I could have gone to work today; the hardware store was just a little bit under-staffed without me. I didn’t, though. Today is my birthday, and I took the day off.

I was wide awake at one o’clock in the morning, thinking of all the wondrous things I could do on this bonus day off. I was still awake at six o’clock, ticking off activities to fill this special day. Sixty-five years old is a pretty big milestone, and deserving of some kind of notice.

I could watch the sun rise! Maybe I’d bring the dogs, a thermos and a book down to Iron Ore Bay, and spend the morning on the Lake Michigan shore. Perhaps I’d spend this entire day in the studio making art. Maybe I’d mow the whole lawn…in this one day, rather than four or five evenings after work…so the yard would be something to be proud of. Or I could tackle any number of cleaning projects I never seem to have time for. I could take myself out to lunch, and drink a glass of wine right in the middle of the day, and read for as long as I wanted. I could take a really long walk…

Turns out, I did none of these things.

At 6:30 this morning – just about the time my mother and I were together busy with my birth sixty-five years ago – I decided I was hungry.  I made an egg and two pieces of toast, then, belly full, concluded that I could probably fall asleep if I tried. I snoozed on the couch until almost ten o’clock.

Lack of rest led to lack of ambition. Pajamas were comfortable; coffee was plentiful. With a hostage-taking stand-off in North Carolina, a hurricane closing in on Texas, and all the usual madness in Washington D.C., there was plenty of news to keep up with. In between news cycles, I buoyed my spirits by reading the birthday greetings on my Facebook page.

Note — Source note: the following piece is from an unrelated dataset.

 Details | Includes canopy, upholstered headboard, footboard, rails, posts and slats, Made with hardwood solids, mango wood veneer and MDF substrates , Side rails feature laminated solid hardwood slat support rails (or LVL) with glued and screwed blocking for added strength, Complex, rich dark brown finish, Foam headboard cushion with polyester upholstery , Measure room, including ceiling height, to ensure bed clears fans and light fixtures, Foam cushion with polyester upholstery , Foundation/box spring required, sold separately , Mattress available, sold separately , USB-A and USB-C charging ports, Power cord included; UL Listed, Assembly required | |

I went to town in the afternoon to pick up a couple packages. I brought the dogs along for the ride. I picked beans, peas and tomatoes from the garden, burned papers, and did one load of wash.

I enjoyed long conversations with – in order of occurrence – my daughter Jen, my best-friend Linda, my sister Brenda, and my daughter Kate. I made a nice dinner. I’m going to bed early. It was a wonderful, lazy birthday…a time-out from everything!